The database search yielded 1,889 results. Twenty-seven duplicates were removed, and another 1,806 were excluded during the first screening process. During the second screening, 43 studies were excluded with reasons. These included not being on speech (n = 12), not focusing on prosody (n = 11), not reporting on sentiment (n = 7) or experimental results (n = 7), not including anything on human-robot interaction (n = 3) and being published in languages other than English (n = 3). Consequently, a total of 13 publications were included in the review. The PRISMA diagram [27] in Fig. 1 demonstrates the search and screening process.

3.1 Characteristics of the Included Literature

The literature was published from 2012 [28] to 2020 [29, 30]. The majority of the studies were presented at conferences and subsequently published as full-text conference papers [5, 30,31,32,33,34,35,36,37]. Only two were published as journal papers [28, 29]. One study appeared to be published as a journal article and as a conference paper [38, 39], hence is reported together.

The studies were conducted in France [32, 35], Japan [29] and Spain and Poland [5]. Nine did not state the specific country location [28, 30, 31, 33, 34, 36,37,38,39]. The settings of the research were most commonly places of education (schools and universities) [29, 32, 33, 35, 38, 39] or online [30, 31]. One was conducted in a Alzheimer’s Center and hospital [5] and four did not state the specific setting [28, 34, 36, 37].

Overall, the studies were mostly identified to be experimental in nature.
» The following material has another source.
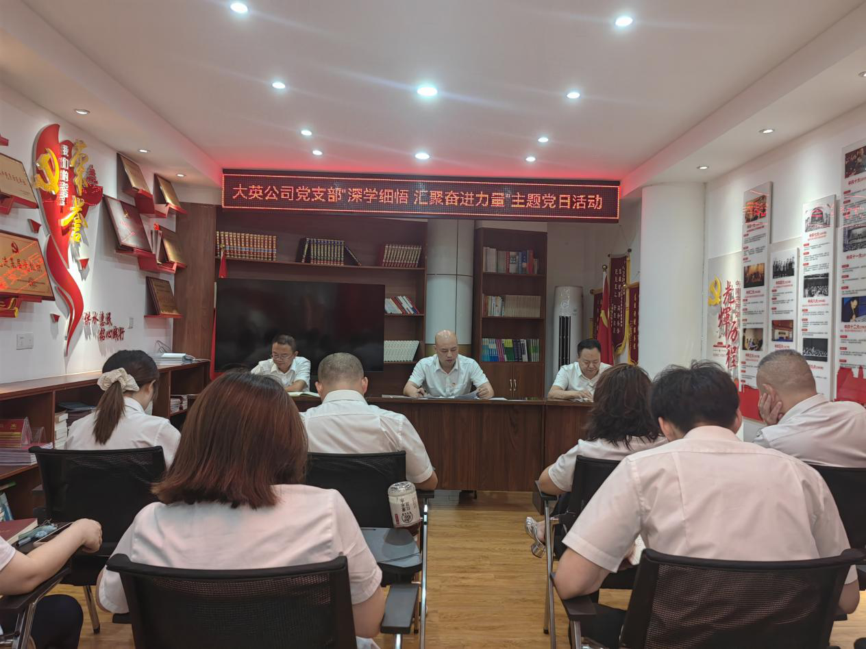 為深入貫徹習(xí)近平新時代中國特色社會主義思想和黨的二十大精神,進(jìn)一步強(qiáng)化黨員干部的理論武裝,凝聚干事創(chuàng)業(yè)的強(qiáng)大合力,大英公司黨支部于8月28日在公司5樓黨員活動室組織開展了“深學(xué)細(xì)悟 匯聚奮進(jìn)力量”主題黨日活動。全體黨員及入黨積極分子參加了此次活動,活動由黨支部書記王文川主持。

Two appeared to be observational, in which differences in prosodic elements between synthesised and natural human speech were explored [37] and responses to different pitches were observed [29]. A further two studies collected mixed methods data, such as qualitative perceptions (via a survey or interviews) in addition to quantitative measures [31, 32].
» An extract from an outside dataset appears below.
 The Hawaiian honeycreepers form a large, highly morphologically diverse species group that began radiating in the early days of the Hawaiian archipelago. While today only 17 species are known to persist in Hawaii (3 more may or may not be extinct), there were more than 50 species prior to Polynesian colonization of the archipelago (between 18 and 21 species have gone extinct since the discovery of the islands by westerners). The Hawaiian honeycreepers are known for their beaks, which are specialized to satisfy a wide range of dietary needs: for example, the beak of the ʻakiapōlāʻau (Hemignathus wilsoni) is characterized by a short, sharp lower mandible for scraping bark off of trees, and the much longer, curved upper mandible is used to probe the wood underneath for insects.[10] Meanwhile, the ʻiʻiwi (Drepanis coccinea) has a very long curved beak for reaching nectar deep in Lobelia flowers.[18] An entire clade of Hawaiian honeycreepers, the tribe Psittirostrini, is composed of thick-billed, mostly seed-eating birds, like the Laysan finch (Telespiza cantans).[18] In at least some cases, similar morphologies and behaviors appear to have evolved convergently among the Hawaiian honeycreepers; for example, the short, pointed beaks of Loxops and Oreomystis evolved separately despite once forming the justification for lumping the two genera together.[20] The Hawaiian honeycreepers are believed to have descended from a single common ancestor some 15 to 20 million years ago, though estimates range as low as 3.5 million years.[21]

Across the studies, the sample sizes varied from three [37] to 300 participants [36], including children, adults and students. Of the studies (n = 10) that specified a sample size, a total of 774 participants were included (mean: 77.4). The studies are further summarised in Table 2.

Table 2 Summary of the included studies

Full size table

3.2 The Systems

Most of the studies used robots, including NAO [30], ERICA [38, 39], Pepper [29, 31], the Survivor Buddy robot [33], RAMCIP [5], ALICE [35] and Hobbit [31]. Three studies used systems [28, 36, 37], such as the VOICEROID 2 Yuduki Yukari speech synthesiser system [37]. Only one used Poppy, a virtual robot (embodied conversational agent) [32]. One did not provide specific details on the system used [34]. Figure 2 shows some of the robots used.

The purpose of almost all of the studies was to advance emotional speech detection and/or expression through prosody, with the ultimate purpose of implementing the system in a social robot/agent [5, 29,30,31,32, 34,35,36,37,38,39]. Thus, five studies focussed on emotion detection, four focussed on emotion expression and three focussed on both (see Table 2).

3.3 Prosodic Elements Used in the Literature

Across the literature, various different prosodic elements were used to convey or detect emotion. In six studies, the emotions included some or all of the Big Eight [5, 31, 33, 35,36,37]. However, Antona et al. [5] also supplemented these with emotions such as ‘tired/confused’ and ‘focussed.’ Three studies categorised emotions as positive, negative or neutral (or variations thereof) [5, 30, 36], while two used affective dimensions to determine emotion [28, 38, 39]. For example, these included activation (level of arousal), valence, power, expectation and intensity. Regardless of the approach, the emotions were sometimes determined in comparison to a baseline emotion, usually referred to as the ‘neutral’ or ‘calm’ emotion [5, 28, 33, 35, 36].

The prosodic elements from most to least common were tone (also referred to as pitch/frequency) (n = 8), loudness (also referred to as energy/volume) (n = 6), speech speed (n = 4), pauses (n = 3) and non-linguistic vocalisations (n = 1).

Changes in intonation (tone) and loudness of speech helped to express emotion. For example, a higher pitch and volume were used to express/detect a positive emotion (e.g., excitement or happiness) [5, 33, 35, 36]. Conversely, a slightly lower volume and much lower pitch expressed negative emotions (e.g., sadness) [5, 33, 35, 36]. Anger was associated with increased volume [33, 37] and a high pitch peak [36].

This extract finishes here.